[Records from a dataset]
* * *

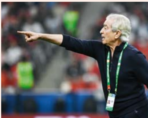
المدرب المصري حلمي طولان

ودّع منتخب مصر الثاني بقيادة المدرب حلمي طولان كأس العرب لكرة القدم المقامة في قطر، بعد هزيمة ثقيلة -3صفر أمام منتخب الأردن الرابع الذي فاز بجميع مبارياته في المجموعة الثالثة.
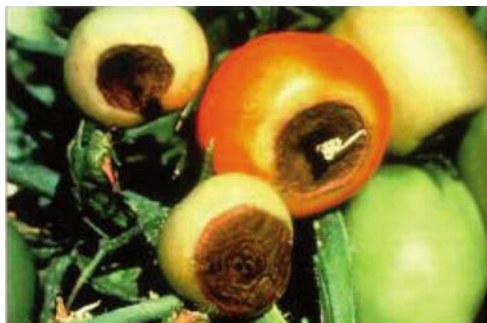
Figura 3. Deficiencia de calcio en frutos de tomate.
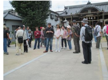
近松健康ウォーク

この他にも寄席、ゴルフ大会、演劇、将棋大会、読書会などいろいろな事業があります☆彡
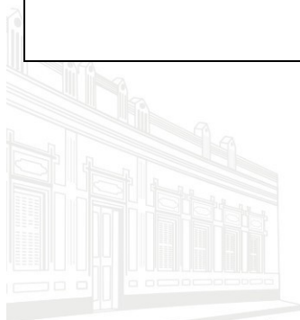
Casa Barão de Melgaço - 1ª Sede 1953
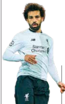
Mohamed Salah Ídolo y modelo para la juventud egipcia

El 2 de octubre un comando de agentes especiales asesinó brutalmente a este periodista crítico en el consulado saudí en Estambul. Tanto su desaparición como los métodos empleados generaron una fuerte ola de indignación mundial. Muchas voces apuntaron hacia el príncipe heredero, Mohamed bin Salman, como el instigador de este asesinato. Los aliados internacionales de Arabia Saudí se vieron sometidos a mayor presión y se redobló la campaña internacional para intentar detener la catástrofe humanitaria en Yemen.

* * *

Work required: Reproduce exactly the lines above that run from the one with "Casa Barão de Melgaço - 1ª Sede 1953" to the one with "Mohamed Salah Ídolo", both included, leaving pictures out.

Solution for this problem:
Casa Barão de Melgaço - 1ª Sede 1953
Mohamed Salah Ídolo y modelo para la juventud egipcia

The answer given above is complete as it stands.